I was reading the Old Testament yesterday and came across one of the most fantastic verses in all scripture. It even matches the glory of when He-Man attended the dedication of Solomon's temple. This scripture is in Numbers 23:22. It says that God has the strength of a UNICORN. Now the bible has proven the existence of aliens and unicorns. CrAzY!!! That really comforts my soul that no matter what problem I have, God can help me because he has the strength of a unicorn. He can do anything. True story.
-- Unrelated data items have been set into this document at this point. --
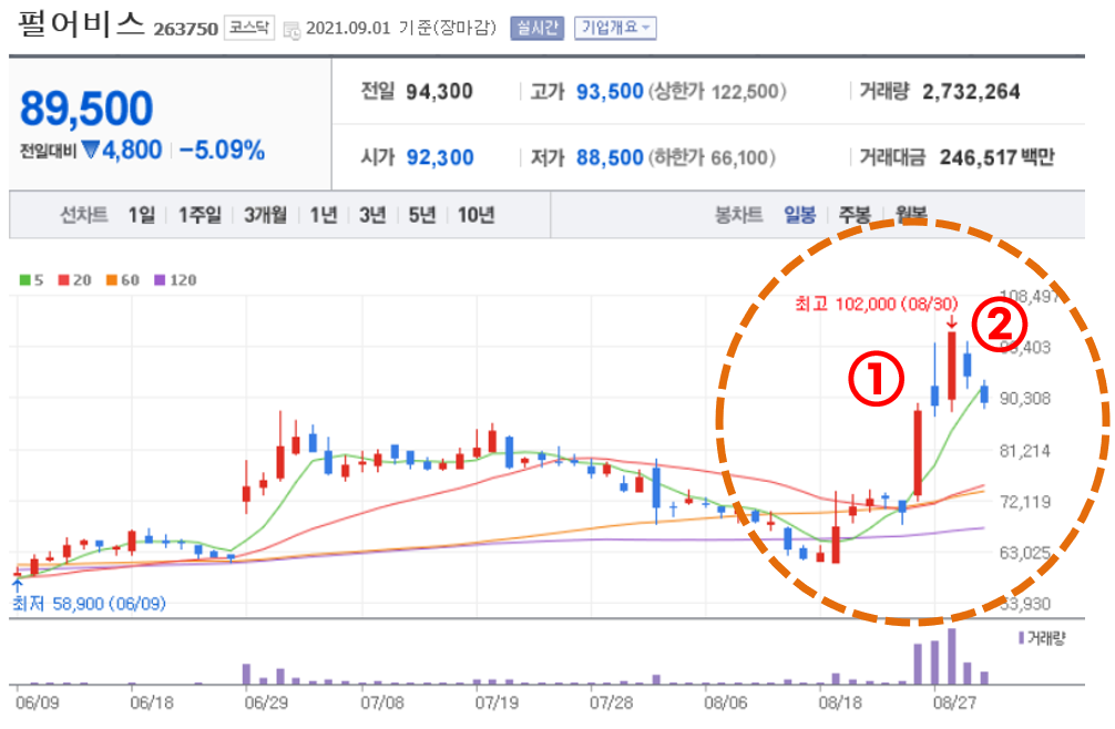 그러던 8월 중순 위 차트상 ① 시점을 맞이하며 펄어비스는 엄청난 반등 추세를 만들어갑니다.
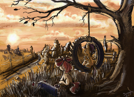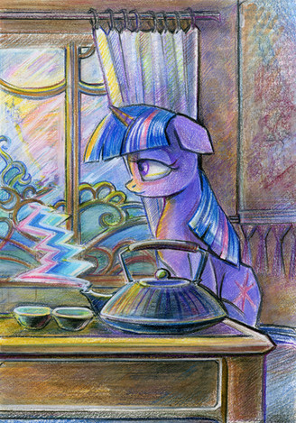 Очень старая картинка, котурую дошли руки дорисовать. Результат не нравится, но дальше мучить её смысла нет.Пинки за несколько месяцев до радужного бума, как-то так
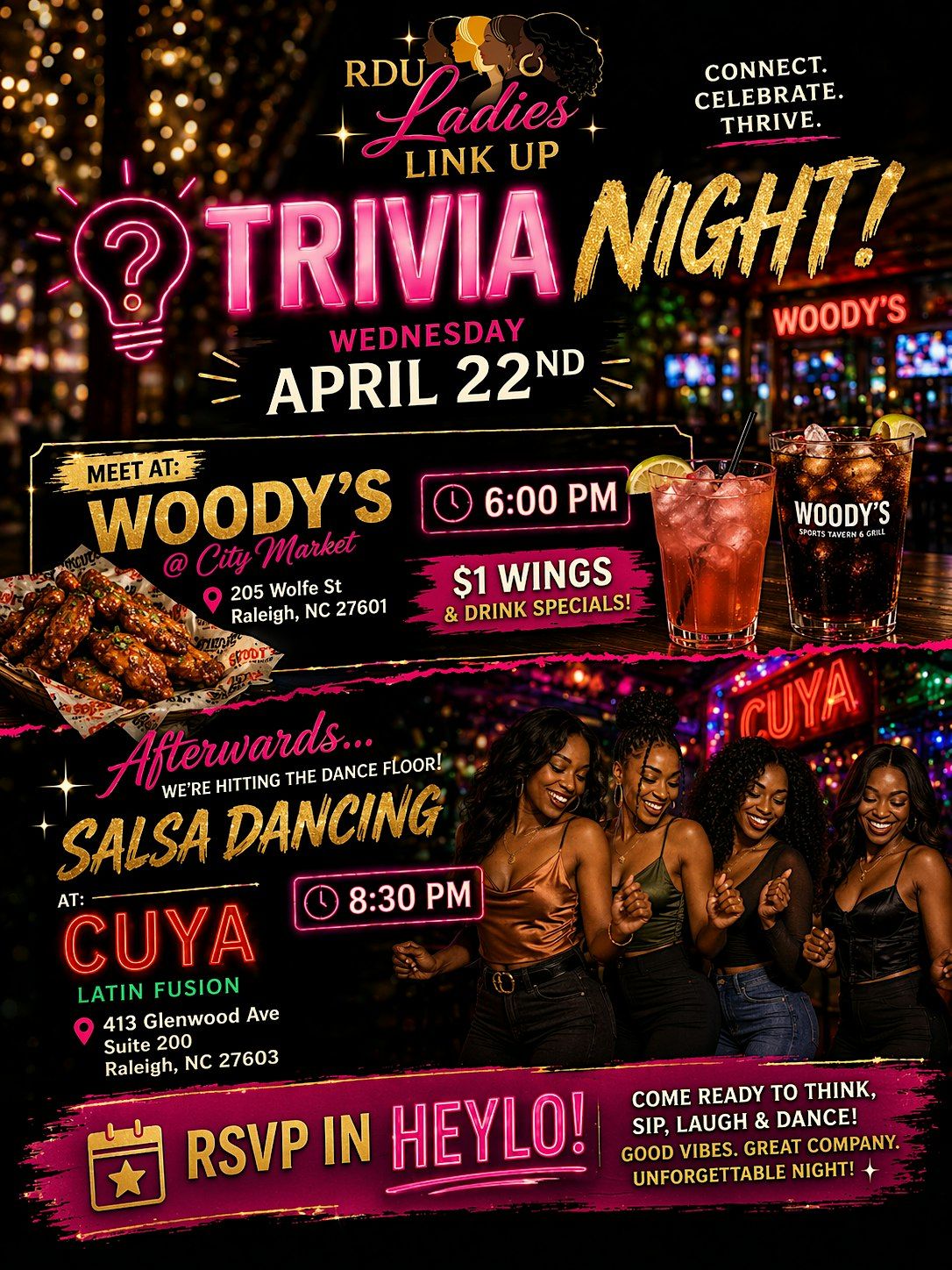 RDU Ladies Link Up Presents: Trivia Night + Salsa After Dark ๐๐ฝ๐ฅ
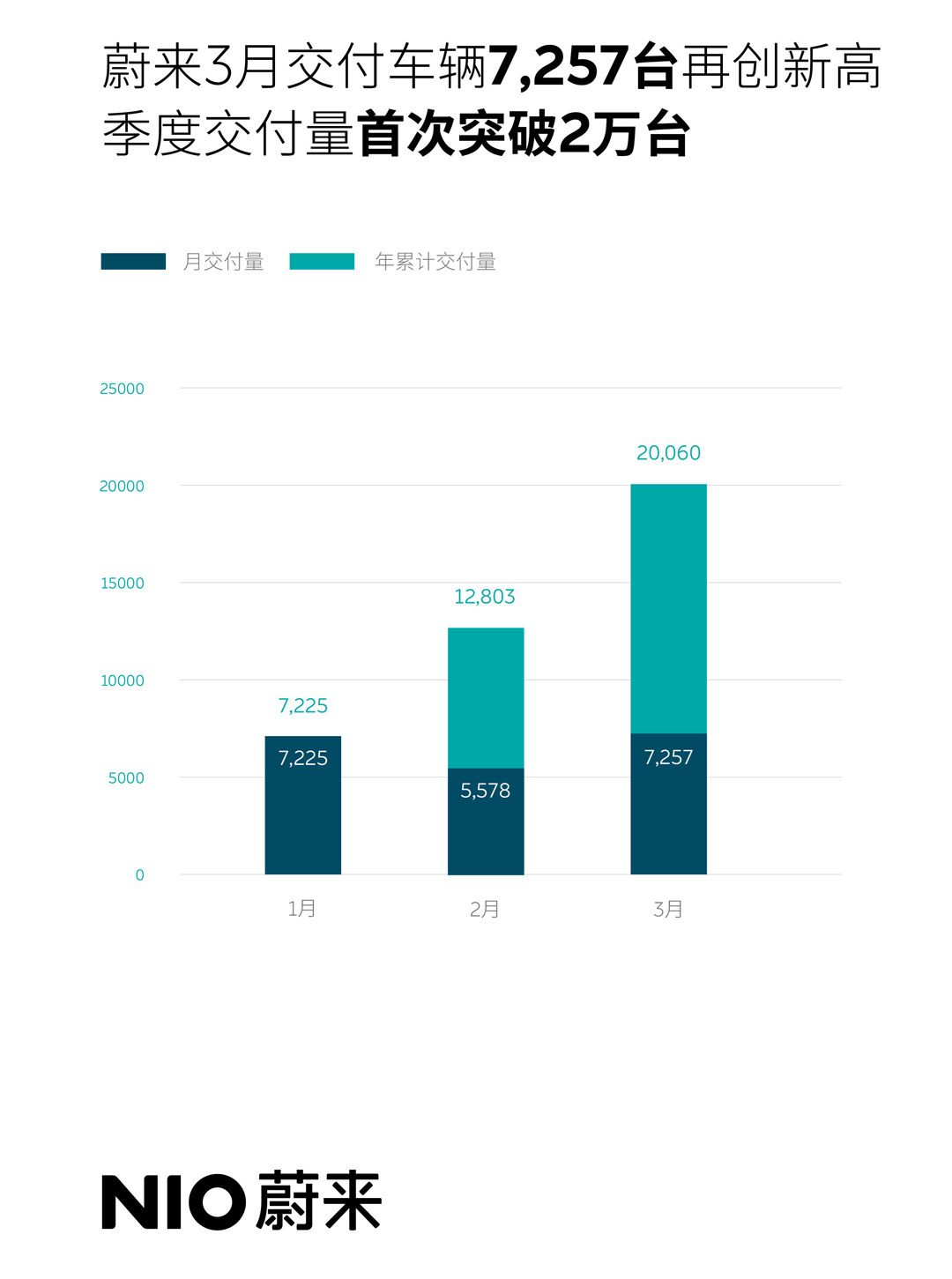 4月1日,蔚来汽车就迫不及待地发布了最新数据,其今年3月蔚来交付7257辆新车,创历史新高,同比增长373.4%。

I'm back in an apartment of all Filipino kabahay [housemates]. Don't worry though. It was really hard before, but now I can actually talk to them and we are all happy together. So it's us (Elder Guzman and I), and our Zone leaders. I forgot their names. It was funny when I heard Elder Guzman's name for the first time. I thought it was Goose Man. hahaha It made me think of Uncle Waldo from the Aristocats. haha He's really fun though. I'm a little older than him in the mission. He's about 5 months into the field. He's really awesome though, because he doesn't have to learn a new language. He can just practice right into teaching skills and stuff. I still amn't super refined in my teaching skills like asking inspired questions and stuff is hard for me, but it's coming. I'm getting to be not too shabby, and Tagalog is still not easy, but I can speak, so that's what's important! 

I'm going to learn a lot from being a district leader and stuff. Life is awesome as a missionary!

Mahal kita!!!! I have to go bring more people to Christ now. Toodles!

Elder Fawson

P.S. Remember how I told you I ate Bolut? Maybe I didn't, but I did eat it. Here's a picture of the little baby duck before it plopped into my mouth. haha

Balut is a fertilized bird egg (usually a duck- aparently mallards are the best) that is incubated for 14 to 21 days, boiled or steamed, and the contents eaten direct from the shell. In balut that has been incubated for longer periods, the embryo is well developed and the features of a baby duck are recognizable. The partially-developed embryo bones are soft enough to chew and swallow as a whole. In the Philippines it is a common street-food and valued for it’s high protein content and healing powers! In the Philippines, it is traditionally preferred to eat balut eggs with salt and/or a chili, garlic and vinegar mixture to season.